Moreover, unless a clear process is delineated in advance of the 2005 elections, the need to verify the qualifications of thousands of prospective candidates for parliament and provincial and district council seats could overwhelm the electoral authorities, thus diminishing public confidence. There will be 249 seats in the Wolesi Jirga (the lower house of parliament), plus multiple seats in each of the 34 Provincial Councils and over 300 District Councils. The delegation notes the massive administrative and logistical undertaking for the 2005 elections compared to the presidential election, even concerning the design and security of the ballots for the 2005 elections.

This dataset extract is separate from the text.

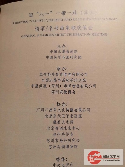 本次活动由中国水墨书画院、中国将军书画研究院主办。由苏州格外投资管理有限公司、中星共赢(苏州)项目管理有限公司、中国水墨书画院苏州分院、苏州安徽商会承办。协办单位有广州广昌号文化传播有限公司、北京乐天王子书画院、藏品艺术网、北京寄语未来中心、扬州华佗寺、苏州市易经研究会、苏州丝绸博物馆。
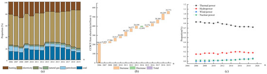 The sources of total CCBCE in 2006–2019. Note: (a) expresses changes in the proportion of CCBCE from each type of energies, (b) expresses changes in CCBCE from electricity, (c) expresses changes in the proportion of electricity generated by each power generation method.

The Informal Campaign: The law provides for a 30-day official campaign period prior to election day. An informal campaign by many of the presidential candidates is already underway. They are distributing flyers, traveling and organizing meetings in many places and getting out messages through local councils and mosques. Political parties and candidates report, however, that there are large "no-go" areas for all of them and additional restrictions on their travel, due to varying security concerns.

While in Kabul, political activity is largely unrestricted, in other areas there are significant problems. It is reported, for example, that in Herat political party activities have been severely limited. In Mazar-i-Sharif commanders are reportedly coercing people to turn over their voter cards in order to control political expression. In the south, southeast and in refugee camps across the Pakistan border, the Taliban are reportedly distributing flyers at night ("night letters") proclaiming that those who vote or otherwise participate in the election process will be killed. Further, in certain parts of the country political activity is completely off limits.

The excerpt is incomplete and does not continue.